It occured to me that one can express the curve of pointed clay glandes as an arc of a larger diameter circle. Following this gived a certain projectile size and/or volume, one could calculate the diameter of said larger circle and the arc length of the projectiles curve.
Based on this, one could mark and cut out said arc length from a pvc pipe of the correct internal ø and use it to shape glandes from clay balls in a precise and repeatable manner, much like Aardvark shaper, but with longer lengths one could roll multiple balls at once. By using softened wax instead of clay, blanks for the lost-wax casting of bismuth projectiles (please dont sling lead around)

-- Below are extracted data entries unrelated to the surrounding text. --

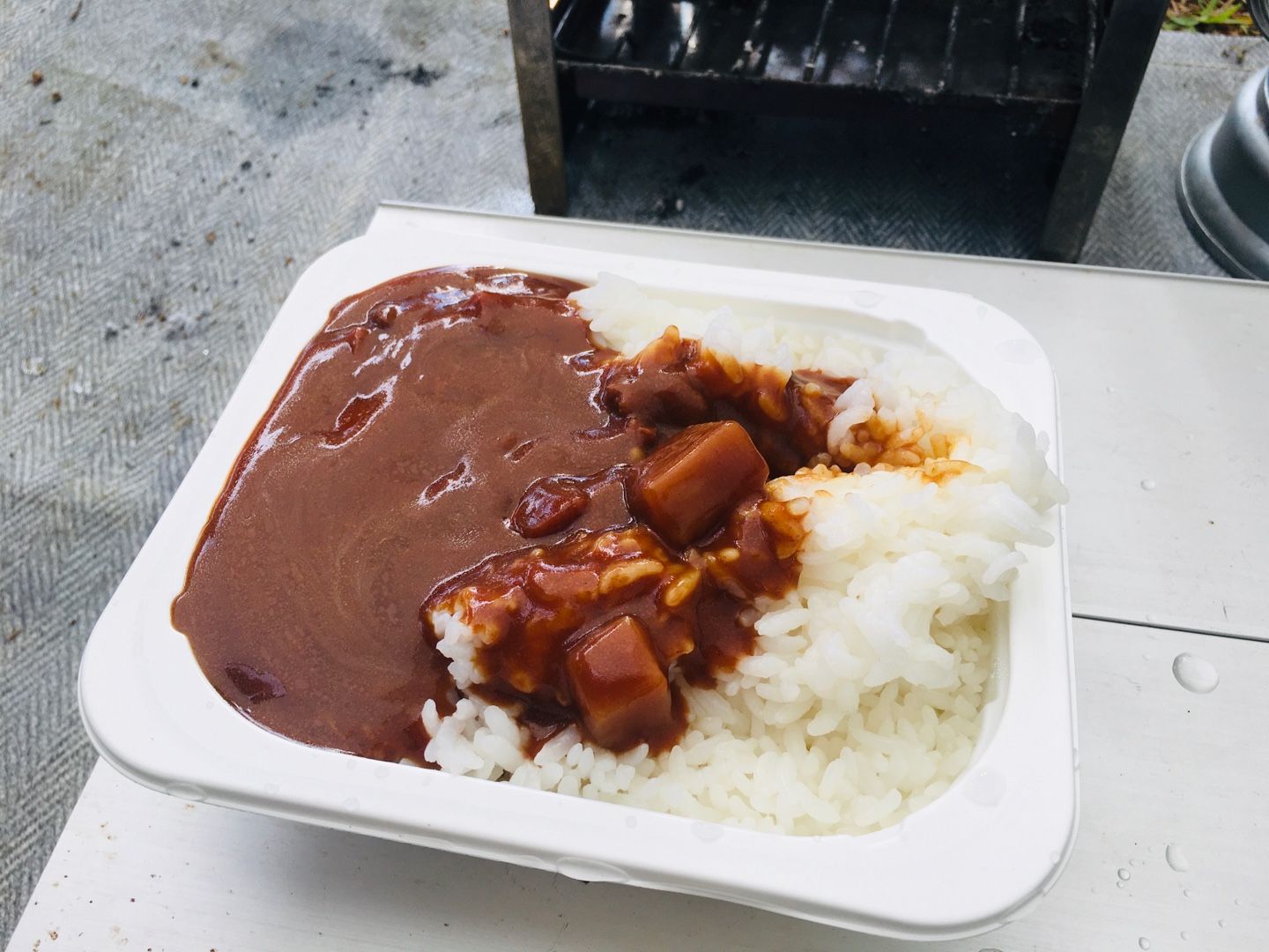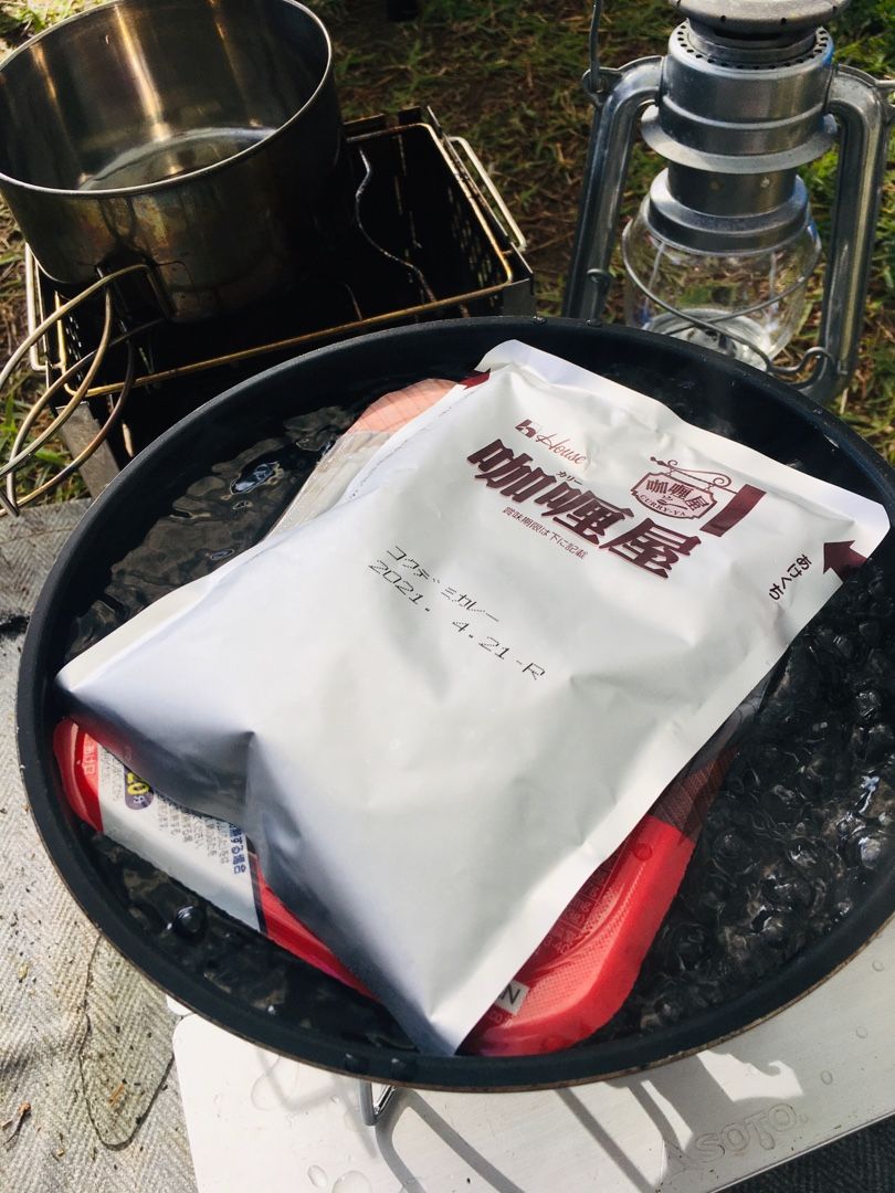 今日の朝食はカレーです。ご飯もカレーもレトルトだけど💦レトルトも外で食べると何故か美味い😋
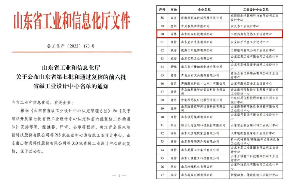 山東省工業(yè)和信息化廳公布了2022年山東省第七批省級(jí)工業(yè)設(shè)計(jì)中心認(rèn)定名單,山東旺泰科技有限公司成功入選。這是繼2022年榮獲山東省瞪羚企業(yè)后,山東旺泰科技又一個(gè)被認(rèn)定的省級(jí)榮譽(yù)。
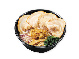 商品開発部のヒットメーカー藤原が開発したラーメンで、2025年6月から期間限定で販売し、ご好評いただいた「【藤原系】こってり背脂濃厚まぜそば」の第二弾。毎朝店舗でとる魚介出汁をベースに、旨みの詰まった極上スープに仕上げました。食べ応え抜群の4枚のチャーシューとほうれん草、レッドオニオン、メンマ、たっぷりの背脂をトッピング。濃厚さの中に、魚介の旨みがあとを引く一杯です。
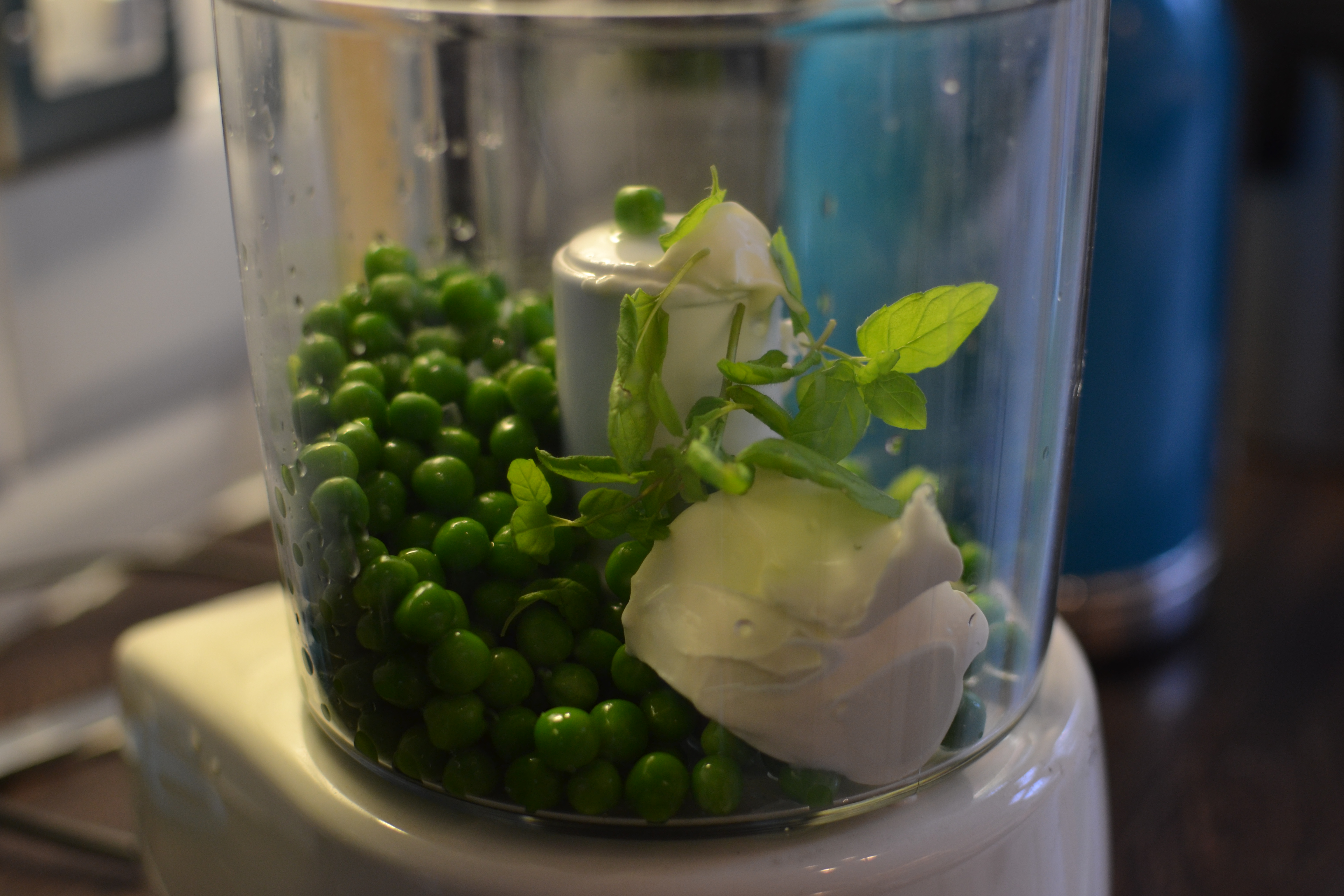 Put the peas, mint leaves, creme fraiche, salt and lemon into the blender. Pulse until broken down into a bit of a mush but still with some solid pieces / bite.
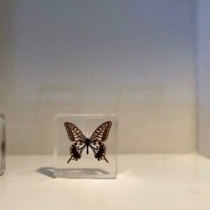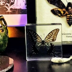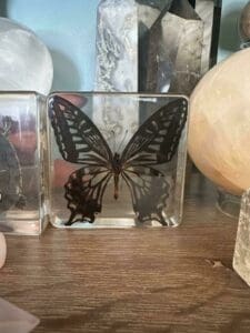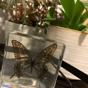 This black and white (pale yellow) butterfly makes for a lovely gift, or a pretty piece to add to your home decor. The fact that is is set in a solid block of lucite makes it also good as a scientific specimen for your entomology collection.
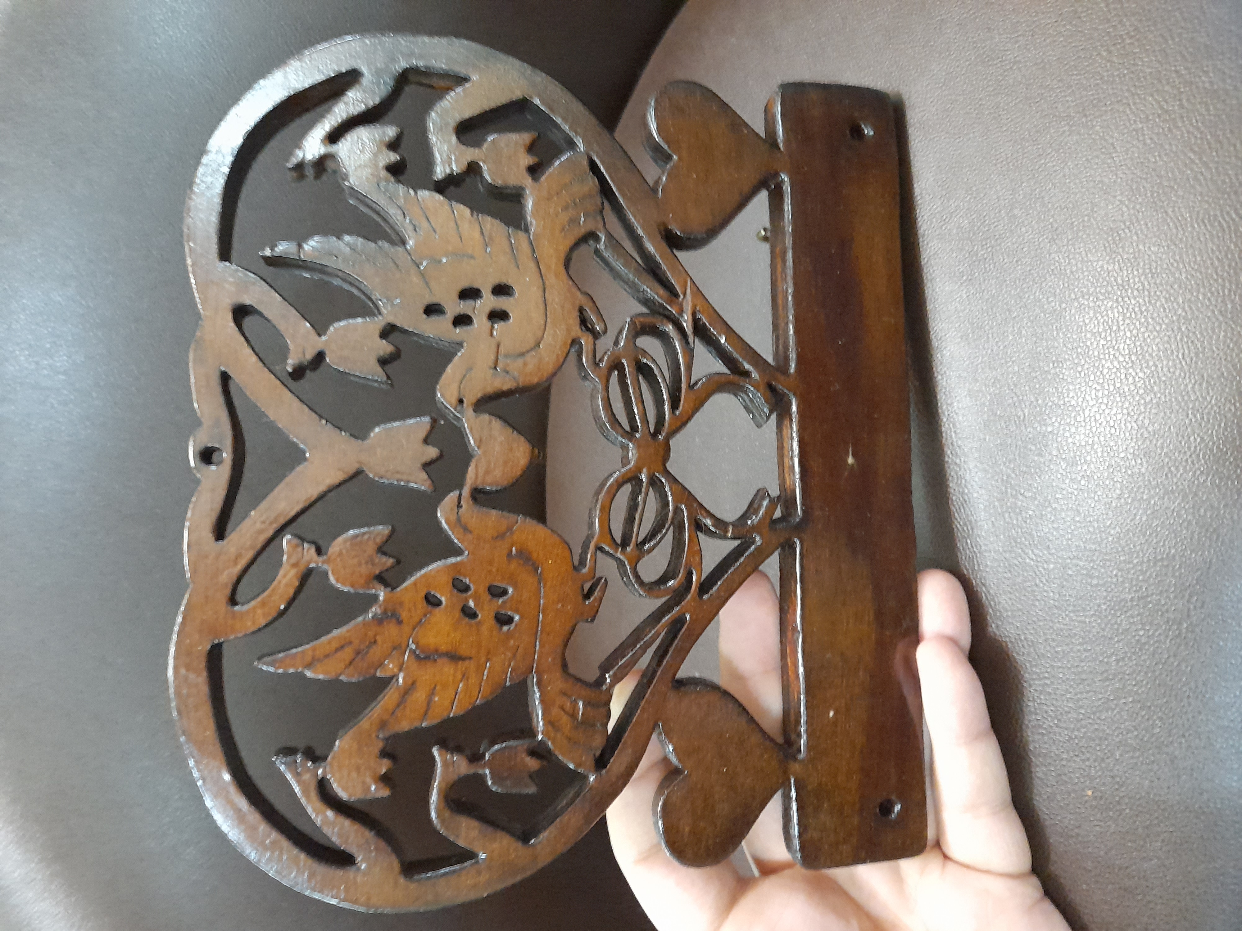 جاکلیدی دو پرنده و قلب رنگ تیره استفاده شده از چوب مرغوب ایرانی دارای سه عدد حلقه آویز جاسوئیچی ابعاد: ۲۱ در ۱۸ سانتیمتر

For a 60g clay glande I calculated the following:
(Assuming 15% weight reduction drying air drying and a density of 1.4g/cm³)
60g+15%≈70g clay
70g/1.4g/cm³ = 50cm³
Ellipsoid volume =4/3πabc, where semiaxis a:c = 1:2.5 for a 1:2.5 curve ratio, the same for semiaxis b assuming a circular crosssection. This results in the unsimplified formula being V=4/3π0.4c×0.4c×c
Solving for c with a 50cm³ volume results in c= 4.2cm, meaning a & b both = 1.68cm. These semiaxis are then multiplied by 2 to get the final gland dimensions; 8.4cm long, ø3.36cm
Using this calculator
https://www.handymath.com/cgi-bin/arc18.cgi?convrad=cm&convarc=cm&convwid=cm&con... one can then input the values of c and a to find the arc length and diameter of the circle. For the above projectile this is an arc length of 9.27cm and diameter of 12.18cm.
This diameter correlates roughly to the internal diameter of 125x3.1mm PVC pipe with an ID of 11.9cm, the arc length reflecting how wide of a section (measured on the inner wall of the pipe) to cut out.
These formula can course be modified for other curve ratios and projectile weights and densitys. For a 1:2 curve a and b each = 0.5c, for 1:3 0.3'c etc
I intend to build this in the near future, once I get my hands on a few kgs of clay. Until then I welcome others to come up with their own versions.